EDP was already well on its way toward that goal on its own. Under the leadership of Chairman Antonio Mexia, who has been in charge since 2005, the company has pursued a green, forward-looking strategy, investing in hydroelectric dams and windfarms in Portugal and other countries. EDP is now the world's number three wind power company.

offshore wind farm
EDP spent a lot of money building wind farmsImage: picture-alliance/dpa

But while all that investment has been a promising long-term strategy, it has helped put the company into debt in the short term. Some analysts said the government was almost bound to go with a suitor who could help EDP pay down its debts now.

"At this moment EDP has debt of 17 billion euros," said Ana Baptista of the Lisbon-based business website Dinheiro Vivo.

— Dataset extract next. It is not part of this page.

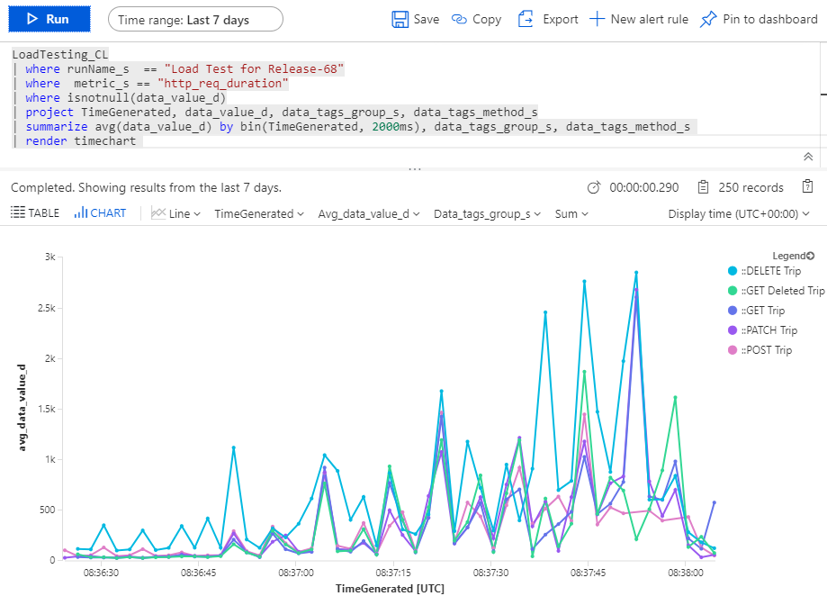 TimeGeneratedfield that all entries have. This was very useful as the k6 data had the timestamps I needed and the microsecond level timing data was critical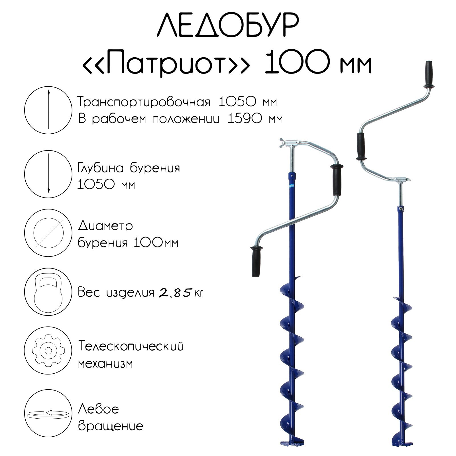Ледобур "патриот", телескопический, 100 мм, лезвие, чехол, молоточек, набор. Ледобуры Патриот левого вращения с цельнонавитым шнеком повышенной прочности. Механизм складывания рукоятки обеспечивает отсутствие люфтов и делает более легким и удобным приведение ледобура в рабочее состояние. Двуручная конструкция рукояти распределяет усилие на обе руки, что значительно сокращает время бурения лунки и экономит силу рыболова. Подходит для любых условий рыбалки. Благодаря небольшому весу и габаритам в сложенном состоянии удобно переносить на плече при длительных переходах по водоему или компактно разместить в рыболовных санях. Свойства: Вес: 3, 1 кг;Высота шнека: 60 см;Диаметр бурения: 100 мм;Длина в рабочем положении: 159 см;Длина в собранном виде: 105 см. Комплектация: ЛедобурНожи - 2штБолтики - 4штЧехол для ножейМолоточек Диаметр, мм: 100 Глубина бурения, м: 1.05 Вес, кг: 2.85 Транспортная длина, см: 113 Температурное ограничение: Нет Тип: Ледобур Вид ледобура: Телескопический Вид ледобура: Двуручный Направление вращения: Левое (против часовой стрелки)  развернуть описание ▼

"Having a Chinese company coming and giving them money to finance their debt almost immediately - it's amazing, and also gives them some leverage to keep investing in all those projects," Baptista added.

German lessons

Some would have preferred the government to have chosen a European partner, but the only legitimate bidder from within the EU posed its own set of problems.

Until two weeks ago, Germany's E.ON was seen as the front-runner in - not least after company chairman Mexia visited E.ON headquarters in Düsseldorf just days before the Portuguese government announced its decision.

Portuguese striker wearing a Merkel mask
The Portuguese are no fans of Merkel or Germany at the momentImage: picture-alliance/dpa

But that visit, along with reports that German Chancellor Angela Merkel was pressuring her Portuguese counterpart to choose E.ON, prompted widespread criticism in the Portuguese press, which have been critical of Berlin's high-handedness in demanding that Portugal undergo structural economic reforms.

Opportunity and risk

Three Gorges' ride to EDP's rescue may seem to have come at precisely the right time for the over-extended firm, but the deal is not without its critics. Once the deal was announced, some began to ponder what it meant for Portugal.

EDP still enjoys a virtual monopoly on the residential retail energy market, and consumers are already feeling squeezed by energy prices. Value-added tax on power was raised from 6 percent to the top rate of 23 percent in October - one of several drastic steps to narrow the budget deficit. And on January 1 energy prices themselves rose 4 percent.

Some fear Three Gorges will press for more price hikes in order to recoup its investment. Others simply don't like the idea of a state enterprise from a non-democratic country has taken a dominant stake in a company that - for all its global reach - assures a key domestic service. Additionally, one of the trade unions serving power company employees has expressed fears for EDP workers' wages and conditions.

Business reporter Baptista, meanwhile, said others have been wondering "if the company will continue to be Portuguese if the Chinese buy a bigger stake and become owners."

"Or if the Chinese decide to sell it to another company, that will tear EDP apart and maybe would risk our - the Portuguese - supply of electricity."

It's a new frontier for Europe as much as for Portugal. But in this case, borrowers can't be choosers.